You’re either fascinated, unfazed or terrified of this crazy thing called death. If you’re someone who avoids the subject at all costs, it can be difficult when the people around you have other plans. For example, have you ever visited an elderly relative, only for them to ask which of their paintings you want to inherit when they die? Like, slow down – you’re not dead yet! Most people actually like to run away from conversations about death. But if there are question marks in the air – it’ll all be left to the people you love most to make tough decisions at a stressful time. Here’s why talking about death sooner rather than later can be beneficial:
It helps you deal with anxiety surrounding death.
It’s kind of like talking to a psychologist and feeling a cathartic release post-session. Talking about death can release a lot of anxiety around the topic. This might be anxiety about your own eventual death, an early death, a near-death experience or worrying about the death of people you love. This is quite common, but it can also be extremely paralysing and has the potential to affect your day-to-day life. (When this happens, it helps to see a medical professional who can give you strategies to deal with these thoughts and feelings.)
It sets a plan in motion now, so no one has to make the tough decisions later.
There’s a whole lot of paperwork that comes with death. Like a fire care plan, everyone should know what needs to be done in the event that someone dies. Difficult decisions will have to be made, like where their final resting place will be, or who needs to be informed after-the-fact. Families will need to know where you keep important documents like your Will, insurance policies, medical records, bank statements and more. They are going to need these kinds of things to close accounts and to deal with all the paperwork that death dishes out. Basically, it’s called paperwork for a reason. (It’s a lot of work).
It can be extremely healing.
Particularly for people who are battling terminal illnesses, it can be healing for those who are reaching their final stage of life to plan their own deaths. Rather than avoid the topic and leave it to the last minute, people are able to make their own arrangements. For example, they might want to attend their own living wake and hear their own eulogies. They might want to plan their own celebration of life, where everyone might wear their favourite colour, or where specific artists or genres of music are played. It can also be healing for friends and family to be involved in this process.
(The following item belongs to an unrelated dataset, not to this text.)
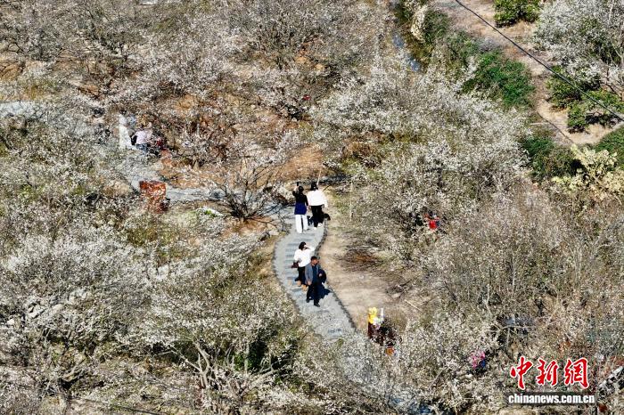 1月4日,游客在福建省永泰县梅林里游玩。(无人机照片)中新社记者 王东明 摄

Most people don’t plan for death, and so when it happens, it all becomes chaotic and overwhelming. After the death of a loved one, it’s extremely difficult to tackle anything other than your own grief. If everything is discussed and planned beforehand, then there are fewer things to process and organise during such a stressful and emotional time. So talk about it all now and put an action plan in place. And if it all gets a bit too much, enlist a professional to talk it all out.